With R and RStudio becoming more and more popular over the last five years, RStudio keeps providing all kinds of integration to R. It started with other popular software like TeX and Git, then through integration of popular R packages like RCpp. Finally, RStudio hired some of the most talented R developers and provided us with a whole new universe of packages.
However, all of those new features sometimes confuse new users, and it seems like we have a lot of them. Besides, when so many features are available, some may not work well with others. This motivated me to write down some of the “best practice” from my own experience. Just like the style guide on R programming, how to use RStudio or any other tools is merely a personal preference. I don’t think there is a “best” practice out there, but there are definitely bad ones, and I think many people could benefit from steer clear of those. In each post, I’ll focus on some features of RStudio, and recommend some settings and introduce some tips that I found useful.
Most of RStudio’s options lie in the preference panel. These are the global options that apply to the current session, and they are also the default for any projects. For some options, every project could have their own settings in the project options (available under tools/project-options or the drop down menu at top-right corner). The first sub-panel in preference is the general options and the topic of this post.
There is this option called Restore data, and right next to it, Save workspace on exit. These two options, if both selected, save the current environment to a hidden
.RData file in your working directory, and restore it when you reopen from that directory.

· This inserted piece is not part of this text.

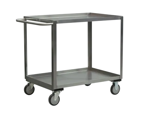 | Product | Model | Distance Between Shelves | Handle Type | Overall Length | Overall Width | Shelf Length | Shelf Width | Caster Dia. | Caster Material | Price | |

This may seem like a convenient feature, but I don’t recommend using them because of the following situations:
- You don’t always clean your working environment and over the time some large data stayed there in memory. Every time you restart, RStudio have to write that data to file, and then read it back in again, makes it extremely slow at start up.
- You relied on the restored data to work, but you let RStudio to ask you on exit whether to save the environment or not. Eventually, you will mistakenly click on No instead of Yes.
- The code to generate a
tmpdata set is accidentally deleted but the generated
tmpobject is still in memory every time you run the script. Instead of giving an error the first time you restart and run it after you deleted the code, it gives you an error when you happen to overwrite
tmpto something else.
All of the above happened to me. Basically, you can see that these options violate the rule of reproducibility. In order to have a reproducible analysis, you should ensure everything with code, not the tools you use. For example, if you want to save something, add an explicitly call to save it to a file, or set seed before a simulation. Don’t rely on RStudio to keep the record for you.
No matter you choose to save it or not, I think it’s also good practice to regularly clean (read: clear) the global environment, especially for those who have a very limited imagination for variable names, they will almost always run into case 3 above.
Also because of reproducibility, I recommend checking always save history. When something goes wrong, finding clues in history is way better than finding an object without context in the restored environment.
I also have a little tip on using the saved history. It’s not about an option in the general panel, but since this is the only thing that’s history-related, I’ll put it here.
RStudio provided some really cool shortcuts for command history in console. I think the shortcuts are too good that makes the History pane not useful any more. In console,
control/command + up will bring up the history search. Hit the shortcut without anything, it will bring up the most recent history. Type a few words and hit the shortcut, it will search with partial match. This has become the single most used shortcut when I have to work in the console.
PS: you can see all the shortcuts in Help menu or
Alt + Shift + K. There are a lot so I will only mention the ones I find useful.